Restate the whole listing below word for word and keep the images out.

__DATA BELOW__:

►

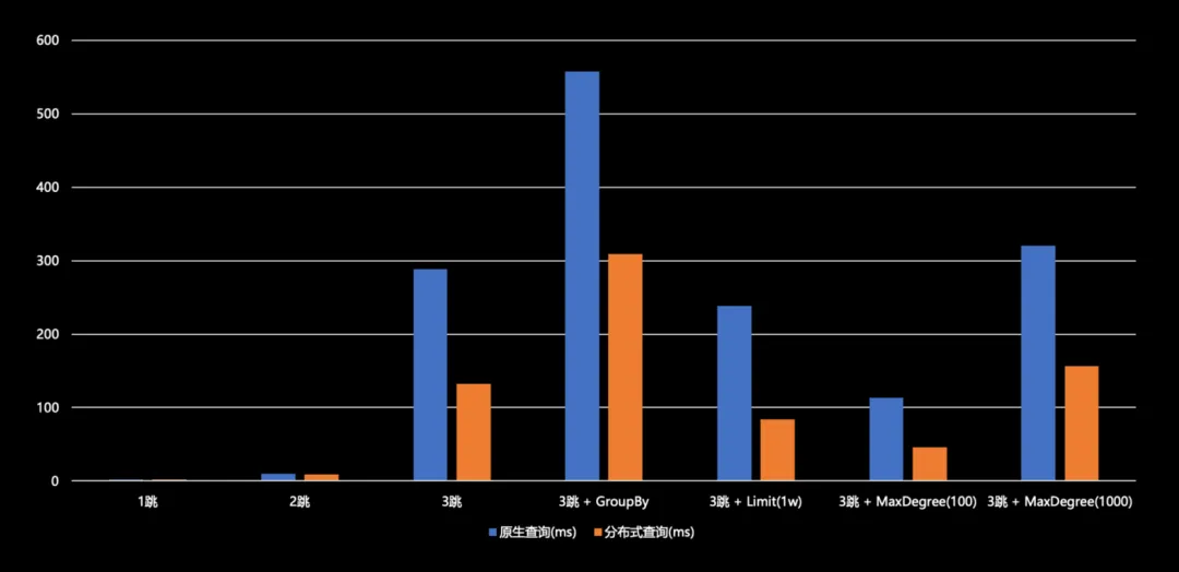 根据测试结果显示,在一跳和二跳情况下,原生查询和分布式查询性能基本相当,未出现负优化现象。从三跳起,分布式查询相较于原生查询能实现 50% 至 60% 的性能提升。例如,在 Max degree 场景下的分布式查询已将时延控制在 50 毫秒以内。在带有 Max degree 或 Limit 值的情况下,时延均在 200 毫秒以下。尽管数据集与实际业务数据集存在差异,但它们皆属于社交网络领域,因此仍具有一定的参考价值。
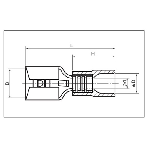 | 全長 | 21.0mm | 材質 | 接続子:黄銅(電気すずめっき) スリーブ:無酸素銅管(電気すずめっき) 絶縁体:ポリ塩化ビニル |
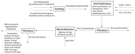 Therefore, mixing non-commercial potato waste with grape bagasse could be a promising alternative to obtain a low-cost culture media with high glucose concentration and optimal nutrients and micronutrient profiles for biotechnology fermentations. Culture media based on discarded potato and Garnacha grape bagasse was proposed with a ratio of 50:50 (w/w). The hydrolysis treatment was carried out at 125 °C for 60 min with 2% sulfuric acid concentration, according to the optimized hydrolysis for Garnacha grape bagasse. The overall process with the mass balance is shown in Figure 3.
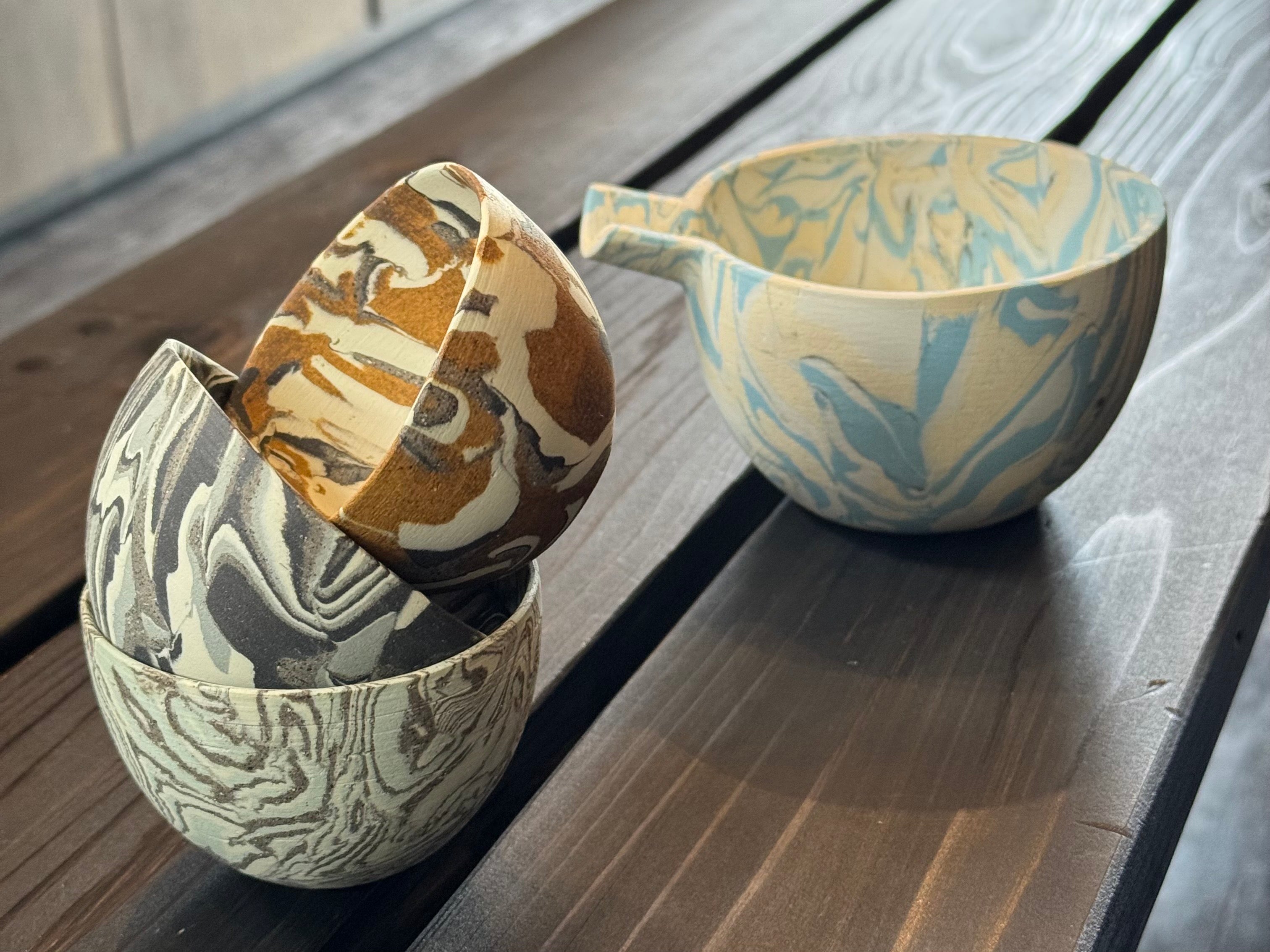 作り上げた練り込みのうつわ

◄

__EXERCISE RESULT__:
 根据测试结果显示,在一跳和二跳情况下,原生查询和分布式查询性能基本相当,未出现负优化现象。从三跳起,分布式查询相较于原生查询能实现 50% 至 60% 的性能提升。例如,在 Max degree 场景下的分布式查询已将时延控制在 50 毫秒以内。在带有 Max degree 或 Limit 值的情况下,时延均在 200 毫秒以下。尽管数据集与实际业务数据集存在差异,但它们皆属于社交网络领域,因此仍具有一定的参考价值。
 | 全長 | 21.0mm | 材質 | 接続子:黄銅(電気すずめっき) スリーブ:無酸素銅管(電気すずめっき) 絶縁体:ポリ塩化ビニル |
 Therefore, mixing non-commercial potato waste with grape bagasse could be a promising alternative to obtain a low-cost culture media with high glucose concentration and optimal nutrients and micronutrient profiles for biotechnology fermentations. Culture media based on discarded potato and Garnacha grape bagasse was proposed with a ratio of 50:50 (w/w). The hydrolysis treatment was carried out at 125 °C for 60 min with 2% sulfuric acid concentration, according to the optimized hydrolysis for Garnacha grape bagasse. The overall process with the mass balance is shown in Figure 3.
 作り上げた練り込みのうつわ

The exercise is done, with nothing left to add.